I have a Torchvision Mobilenetv2 model I exported to Onnx with the built-in function:

    torch.onnx.export(pt_model, dummy_input, out_path, verbose=True)

I then built a TensorRt engine with this Onnx model:

with trt.Builder(TRT_LOGGER) as builder, \
      builder.create_network(*EXPLICIT_BATCH) as network, \
      trt.OnnxParser(network, TRT_LOGGER) as parser:

      builder.max_workspace_size = 1 << 28
      builder.max_batch_size = 1
      builder.fp16_mode = True
      # ... 
      engine = builder.build_cuda_engine(network)

Then I run inference on this new engine on my Jetson Nano device and can get a latency of about 0.045 seconds (22.2 fps). Running inference on the PyTorch version of this model also has almost the exact same latency of 0.045 seconds.

I also tried to change the mode to INT8 mode when building the TensorRT engine and get the error: Builder failed while configuring INT8 mode.

Anyone have experience with optimizing Torch models with TensorRT? Am I missing something fundamental when building the TensorRT engine or should I expect a speed-up?

Thanks.

1 Like

I haven’t tried to export Mobilenet yet, but could see a speedup for FasterRCNN.
How are you currently measuring the the throughput?

Thanks for this thread. I am also in the same boat, trying to figure out optimizing networks for jetson. @jdev Have you tried the int8 quantization pipeline, first calibrating images to int8 and then doing inference on it? I believe you will run into difficulties for operations that are not supported.

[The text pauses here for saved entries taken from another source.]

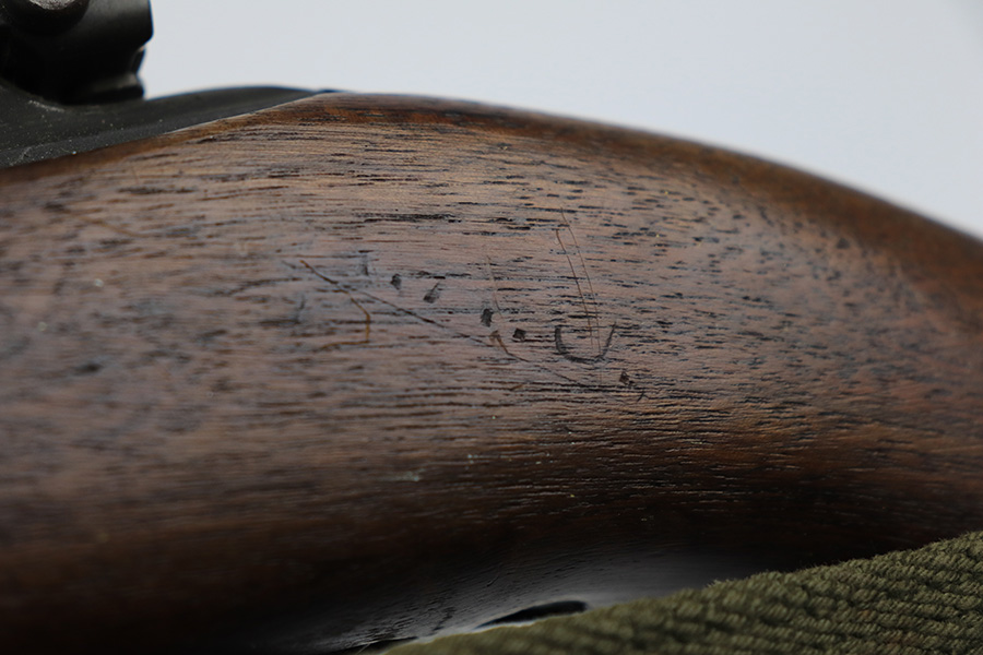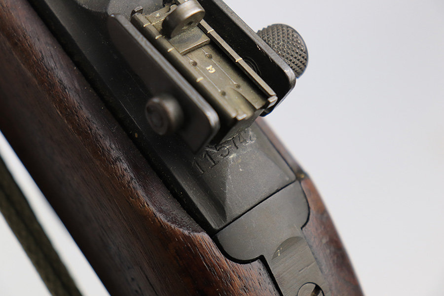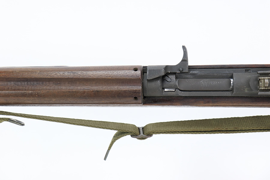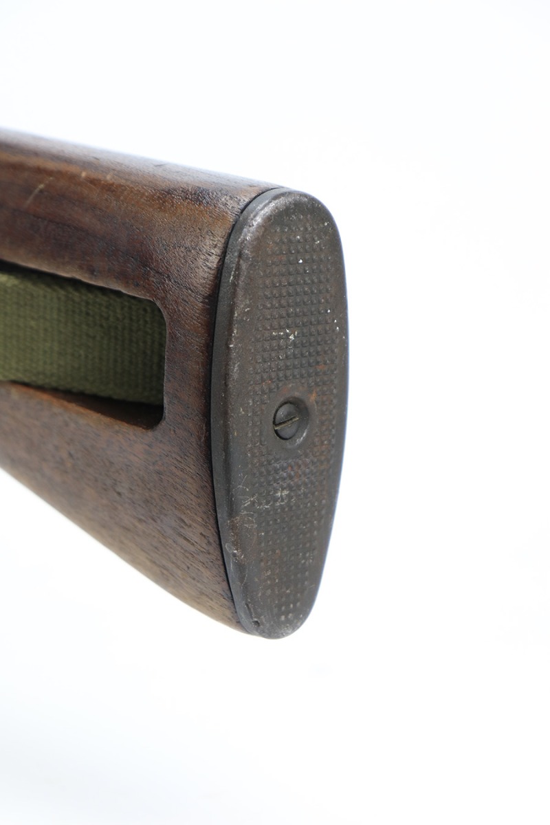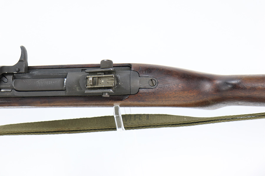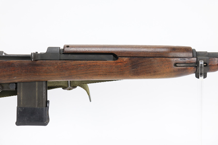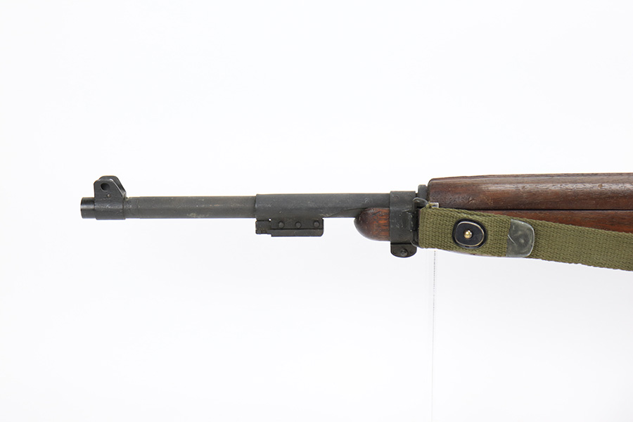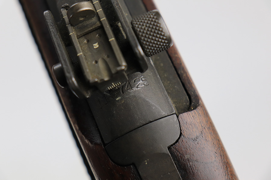 5/16/23 – This is an excellent example of a Winchester M1 Carbine issued to the US military in about 1943. The receiver is Winchester, the barrel was made by IBM, and the stock is “IO” Inland marked. There is an arsenal rework stamp on the left side of the stock. Faint cross-canon cartouche on the right side of the butt stock. An adjustable rear sight and bayonet lug were added, likely for re-issue during the Korean War. It comes with one magazine, an oiler, a green canvas sling, and a green canvas carrying case. The metal parts have retained nearly all of their parkerized finish with just some small spots of discoloration here and there. Excellent wood stock with just some tiny dings on the upper hand guard. Minty bore.
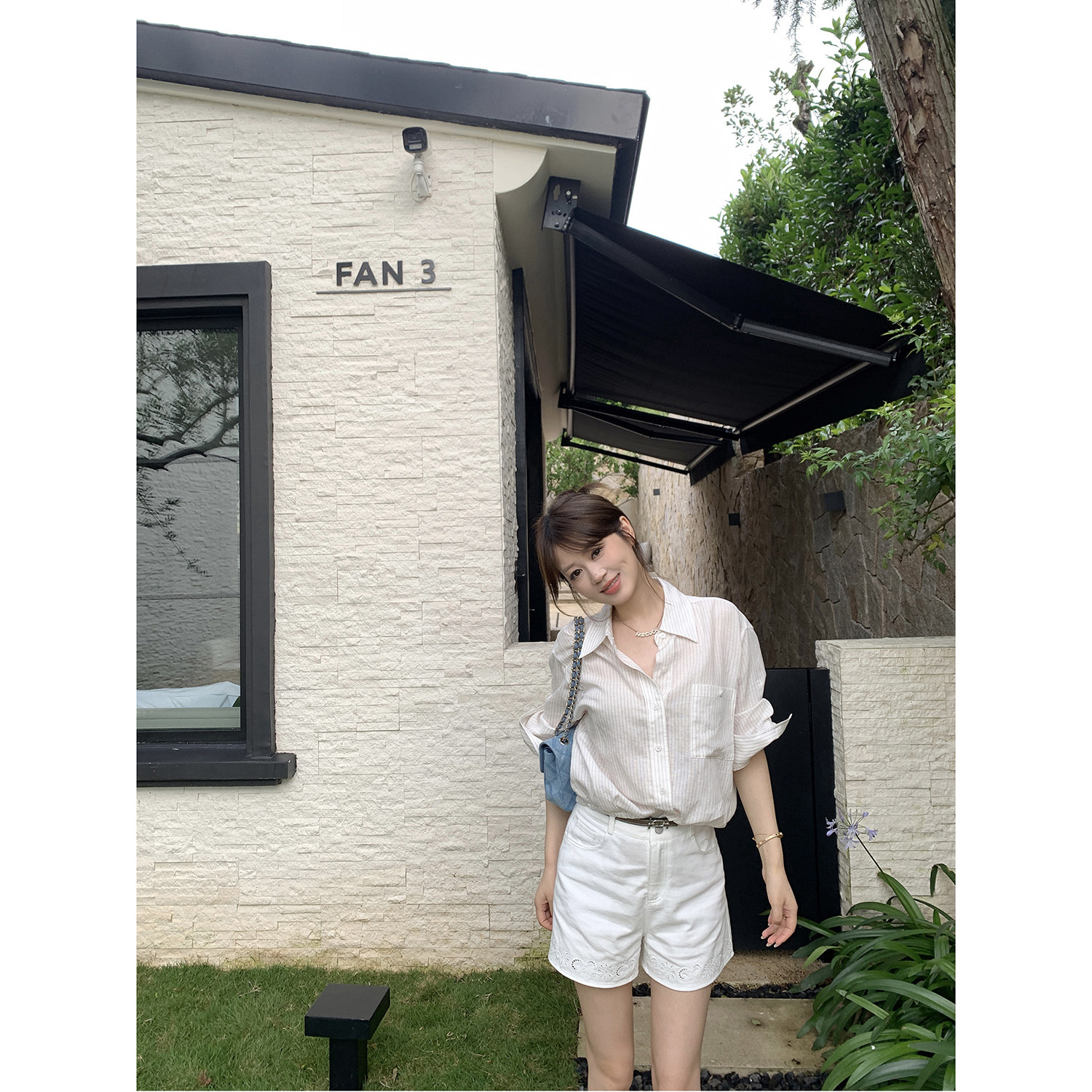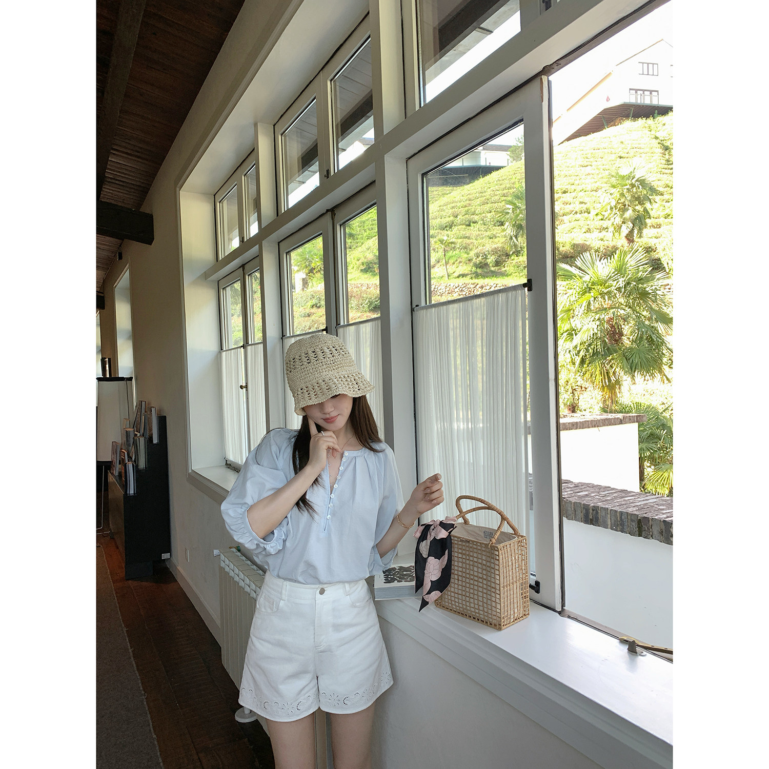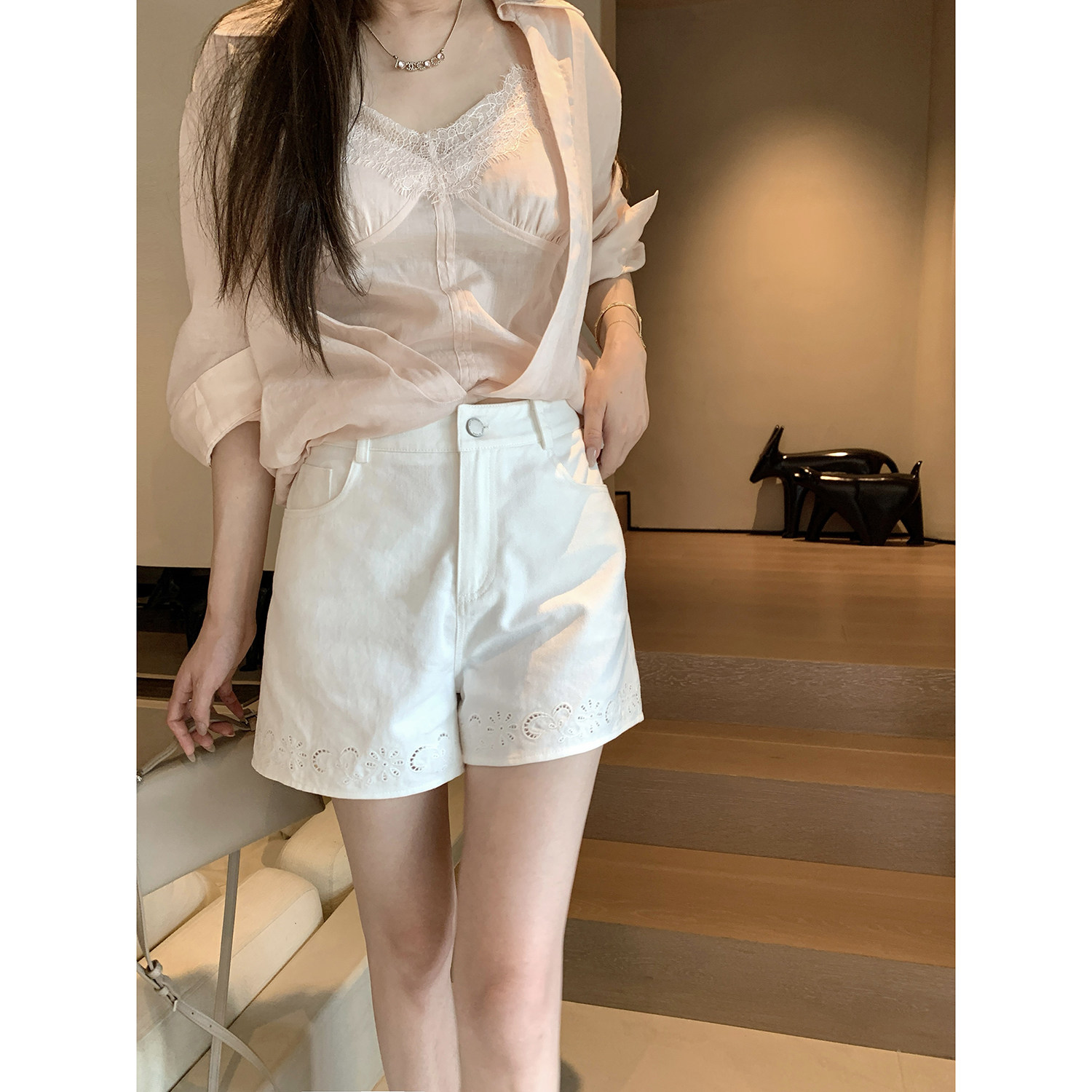 女新品 现货AHY 莱赛尔麻混纺斜纹激光绣花精致简约老钱休闲短裤
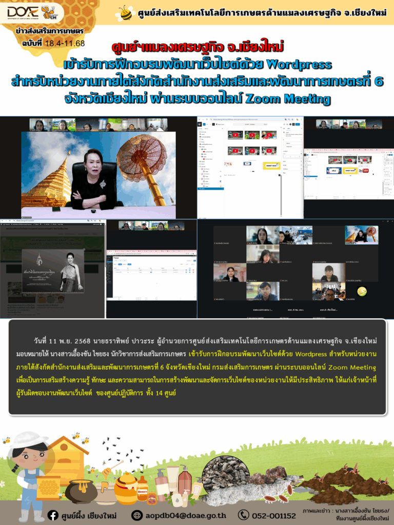 ข่าวประชาสัมพันธ์ศูนย์ฯแมลงเศรษฐกิจ จ.เชียงใหม่ เข้ารับการฝึกอบรมพัฒนาเว็บไซต์ด้วย WordPress สำหรับหน่วยงานภายใต้สังกัดสำนักงานส่งเสริมและพัฒนาการเกษตรที่ 6 จังหวัดเชียงใหม่ ผ่านระบบออนไลน์ Zoom Meeting aopdb04 / 12 พฤศจิกายน 2025 วันที่ 11 พ.ย. 2568
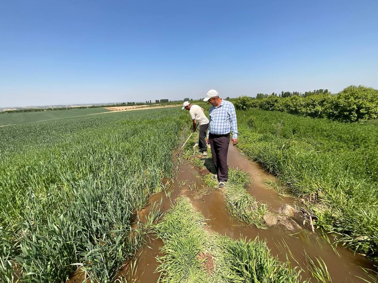 Мазкур фермер хўжалигининг 28 гектарида ғалла парваришланмоқда. Туман раҳбари ғалла майдонини суғориш бўйича кўрсатмалар берди.
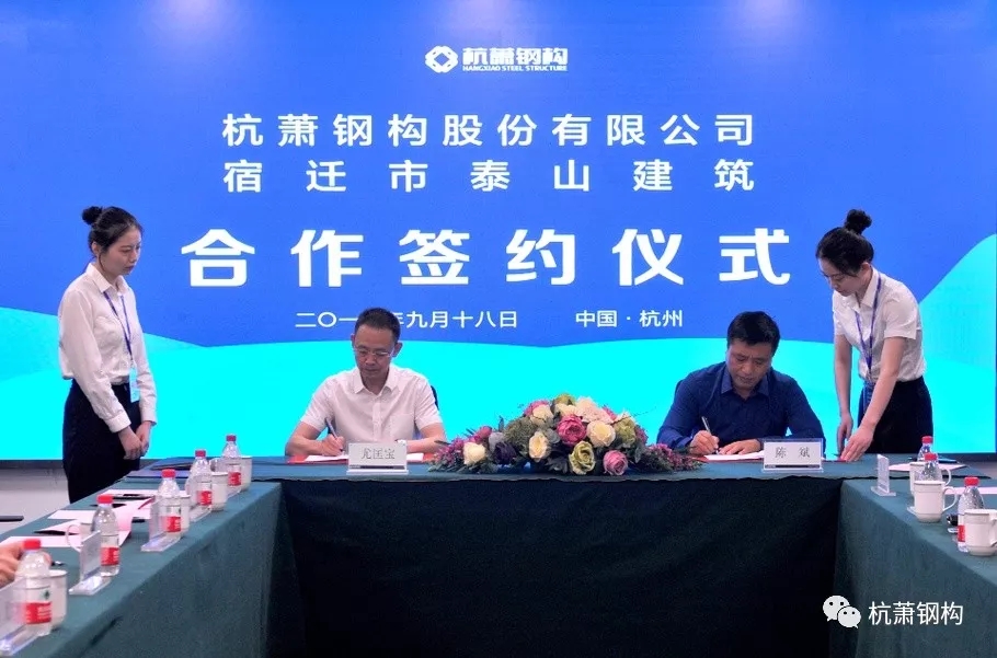 9月18日上午,杭萧钢构股份有限公司(以下简称“杭萧钢构”)与江苏万恒地产集团(以下简称“万恒集团”)旗下——宿迁市泰山建筑有限公司(以下简称“宿迁泰山”)签署战略合作协议。宿迁泰山董事长陈斌、杭萧钢构副总裁尤匡宝作为企业代表签署协议。

Nvidia’s retinanet-examples repo gives a working pipeline but it’s obviously much more useful to have this going for our own custom networks.

Reviving this topic as I have come to a similar conclusion. I have been testing and a variety of things but for a Resnet50 network with a large input size (3MP image), and with an RTX3070, I have come to the conclusion that tensorRT engine with fp32 is actually slower than cudnn inference on pytorch with JIT trace + cuda AMP:

Time for total prediction pytorch JIT = 0.06634163856506348
Time for total prediction trt = 0.07124924659729004

It is the same model which was exported from pytorch to ONNX and then converted from ONNX to trt. I have also tested torch2trt and TRTorch and so far only TRTorch appear to show some small gain in speed but both are still alpha projects with some problems with output not matching the original model.

How are you dealing with the learge memory usage of such a large image?

That’s a different problem. Indeed it can be tricky. It is fine for the purpose of the test but I can’t work with too many pictures at the same time. It does occupy roughly 2GB per image.